# Task details
Please repeat the data below exactly, with the pictures removed.
····················
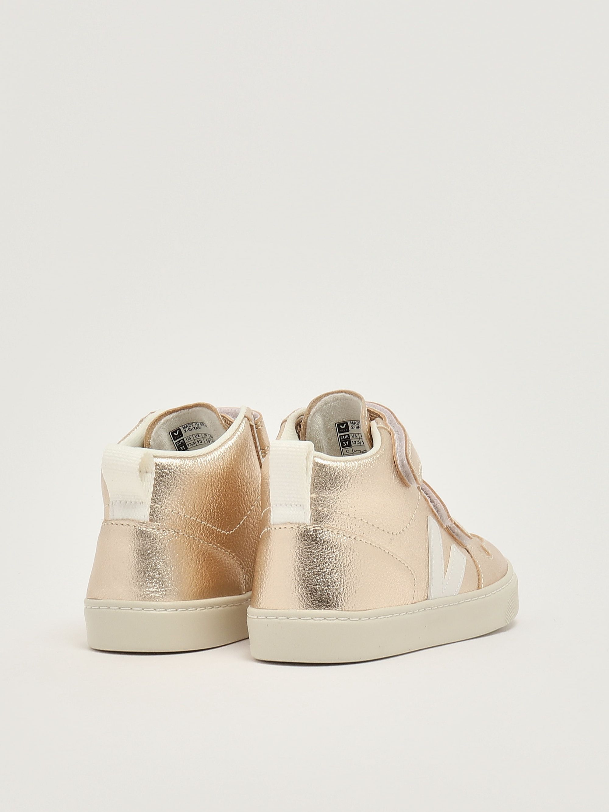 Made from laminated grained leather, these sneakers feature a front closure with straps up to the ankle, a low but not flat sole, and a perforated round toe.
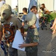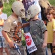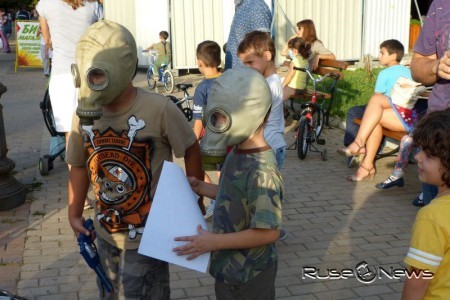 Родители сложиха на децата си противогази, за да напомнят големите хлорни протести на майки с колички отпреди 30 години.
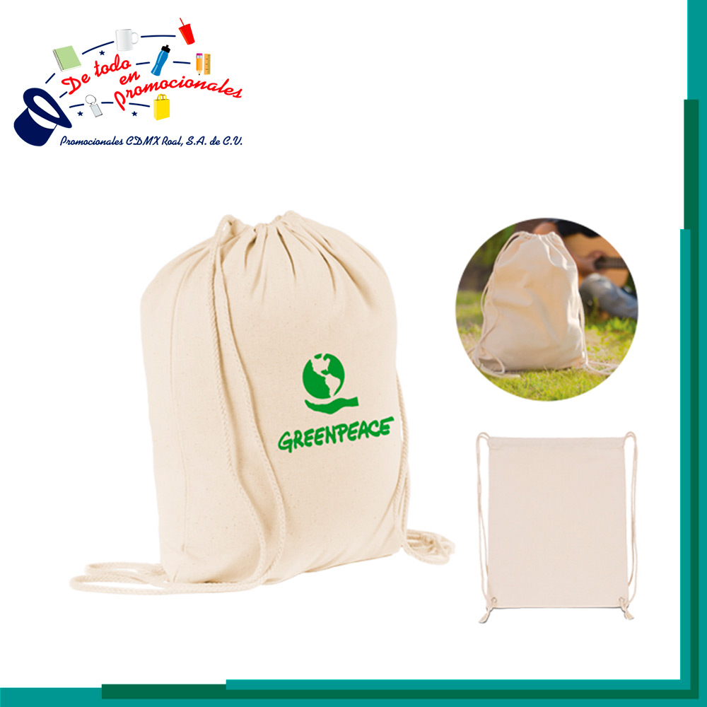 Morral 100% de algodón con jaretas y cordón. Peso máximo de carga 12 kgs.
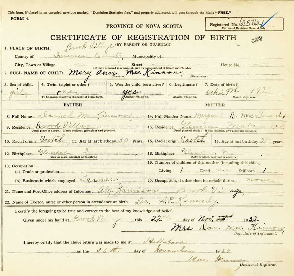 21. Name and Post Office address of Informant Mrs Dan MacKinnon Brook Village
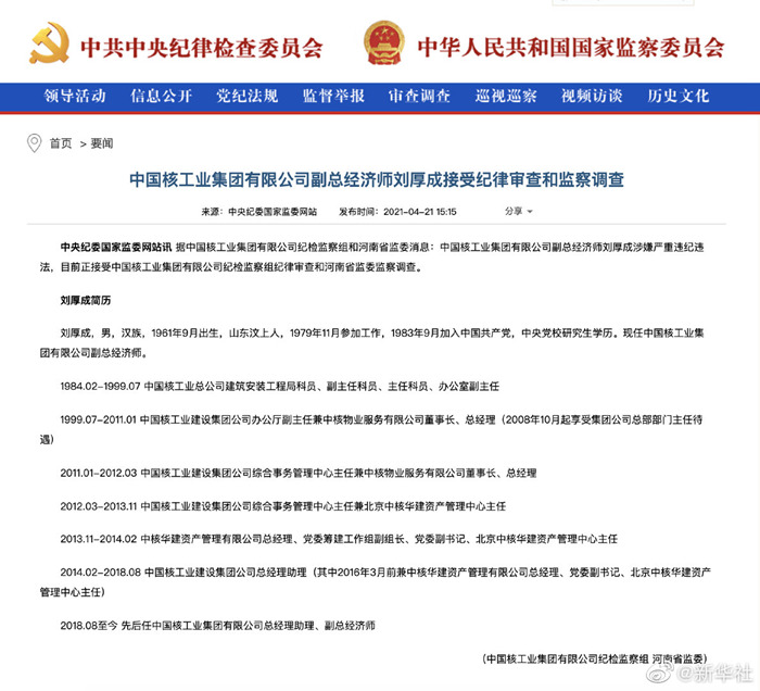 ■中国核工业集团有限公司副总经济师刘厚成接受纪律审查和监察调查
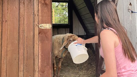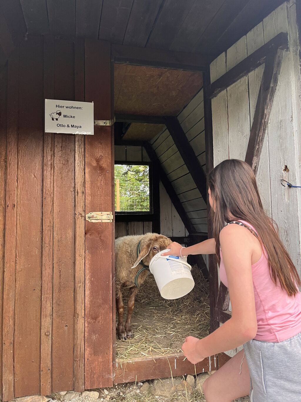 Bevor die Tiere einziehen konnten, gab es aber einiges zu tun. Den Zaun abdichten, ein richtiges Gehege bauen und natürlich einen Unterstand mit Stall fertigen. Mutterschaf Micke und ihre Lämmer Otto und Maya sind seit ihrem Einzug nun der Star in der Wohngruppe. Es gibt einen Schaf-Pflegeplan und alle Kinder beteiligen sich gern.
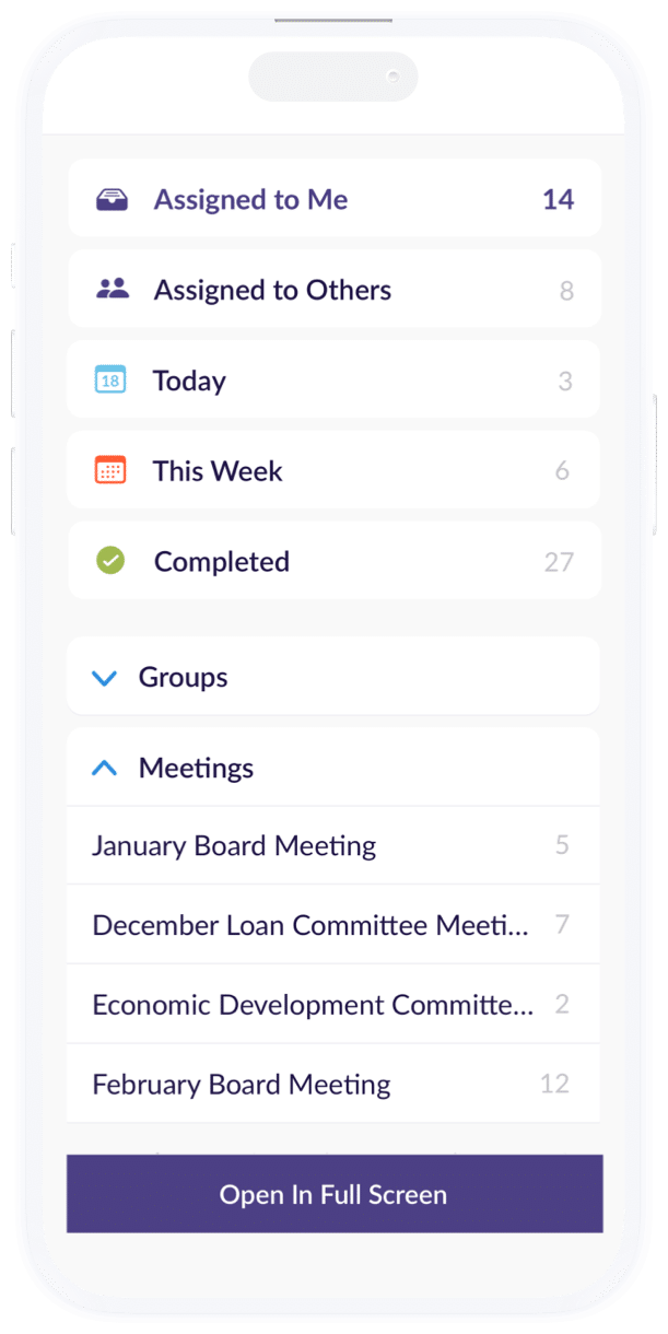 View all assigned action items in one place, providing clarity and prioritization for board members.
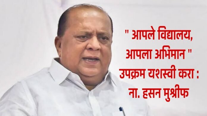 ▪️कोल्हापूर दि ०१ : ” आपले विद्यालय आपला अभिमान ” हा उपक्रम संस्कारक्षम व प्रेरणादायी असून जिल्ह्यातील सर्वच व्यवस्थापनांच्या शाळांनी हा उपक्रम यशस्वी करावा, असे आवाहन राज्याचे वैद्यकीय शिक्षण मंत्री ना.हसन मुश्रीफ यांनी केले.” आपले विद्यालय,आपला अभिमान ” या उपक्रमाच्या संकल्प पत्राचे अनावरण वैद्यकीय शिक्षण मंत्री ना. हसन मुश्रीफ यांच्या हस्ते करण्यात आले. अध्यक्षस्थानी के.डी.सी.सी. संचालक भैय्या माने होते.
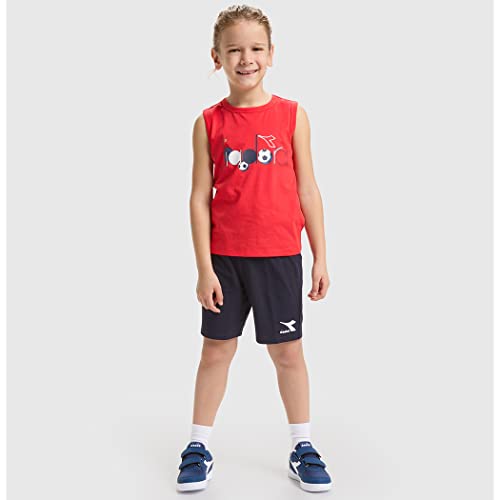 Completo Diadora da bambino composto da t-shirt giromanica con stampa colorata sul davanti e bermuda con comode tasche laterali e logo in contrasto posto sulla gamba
····················
# Answer area
 Made from laminated grained leather, these sneakers feature a front closure with straps up to the ankle, a low but not flat sole, and a perforated round toe.
 Родители сложиха на децата си противогази, за да напомнят големите хлорни протести на майки с колички отпреди 30 години.
 Morral 100% de algodón con jaretas y cordón. Peso máximo de carga 12 kgs.
 21. Name and Post Office address of Informant Mrs Dan MacKinnon Brook Village
 ■中国核工业集团有限公司副总经济师刘厚成接受纪律审查和监察调查
 Bevor die Tiere einziehen konnten, gab es aber einiges zu tun. Den Zaun abdichten, ein richtiges Gehege bauen und natürlich einen Unterstand mit Stall fertigen. Mutterschaf Micke und ihre Lämmer Otto und Maya sind seit ihrem Einzug nun der Star in der Wohngruppe. Es gibt einen Schaf-Pflegeplan und alle Kinder beteiligen sich gern.
 View all assigned action items in one place, providing clarity and prioritization for board members.
 ▪️कोल्हापूर दि ०१ : ” आपले विद्यालय आपला अभिमान ” हा उपक्रम संस्कारक्षम व प्रेरणादायी असून जिल्ह्यातील सर्वच व्यवस्थापनांच्या शाळांनी हा उपक्रम यशस्वी करावा, असे आवाहन राज्याचे वैद्यकीय शिक्षण मंत्री ना.हसन मुश्रीफ यांनी केले.” आपले विद्यालय,आपला अभिमान ” या उपक्रमाच्या संकल्प पत्राचे अनावरण वैद्यकीय शिक्षण मंत्री ना. हसन मुश्रीफ यांच्या हस्ते करण्यात आले. अध्यक्षस्थानी के.डी.सी.सी. संचालक भैय्या माने होते.
 Completo Diadora da bambino composto da t-shirt giromanica con stampa colorata sul davanti e bermuda con comode tasche laterali e logo in contrasto posto sulla gamba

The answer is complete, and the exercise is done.